Com extrema originalidade, apontou para o racismo e o sexismo tão enraizados na cultura brasileira. Criando novas palavras, e utilizando expressões populares da língua no contexto acadêmico, bagunçou a hegemonia dos significantes dominantes, lançando novas realidades possíveis, muito além do discurso. Nas palavras de Lélia:
“É interessante constatar como, através da figura da “mãe-preta”, a verdade surge da equivocação (Lacan, 1979). Exatamente essa figura para a qual se dá uma colher de chá é quem vai dar a rasteira na raça dominante. É através dela que o “obscuro objeto do desejo” (o filme do Buñuel), em português, acaba se transformando na “negra vontade de comer carne” na boca da moçada branca que fala português. O que a gente quer dizer é que ela não é esse exemplo extraordinário de amor e dedicação totais como querem os brancos e nem tampouco essa entreguista, essa traidora da raça como quem alguns negros muito apressados em seu julgamento. Ela, simplesmente, é a mãe. É isso mesmo, é a mãe. Porque a branca, na verdade, é a outra. Se assim não é, a gente pergunta: que é que amamenta, que dá banho, que limpa cocô, que põe prá dormir, que acorda de noite prá cuidar, que ensina a falar, que conta história e por aí afora? É a mãe, não é? Pois então. Ela é a mãe nesse barato doido da cultura brasileira. Enquanto mucama, é a mulher; então “bá”, é a mãe. A branca, a chamada legítima esposa, é justamente a outra que, por impossível que pareça, só serve prá parir os filhos do senhor. Não exerce a função materna. Esta é efetuada pela negra. Por isso a “mãe preta” é a mãe”. (p.235)
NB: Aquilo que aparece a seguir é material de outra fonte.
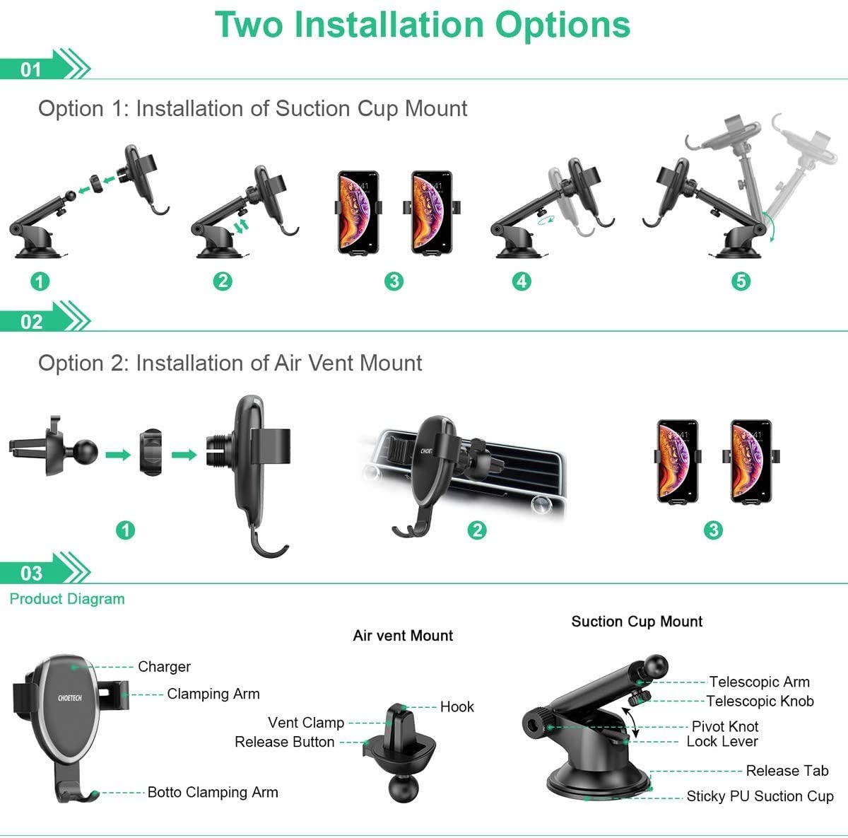 • Gravity & Linkage Design: This car wireless charger automatically grip your phone securely according to it’s weight and size, provide wireless charging simultaneously. Totally one-handed operation while driving

Que as vozes femininas da psicanálise sejam reconhecidas, transmitidas e multiplicadas. É o meu desejo. Desejo… Desejo… Desejo!
Referências
GONZALEZ, Lelia. Racismo e sexismo na cultura brasileira. In: Revistas Ciências Sociais Hoje, 1984.
SALOMÉ, Lou. Reflexões sobre o problema do amor e o erotismo. São Paulo: Landy, 2005.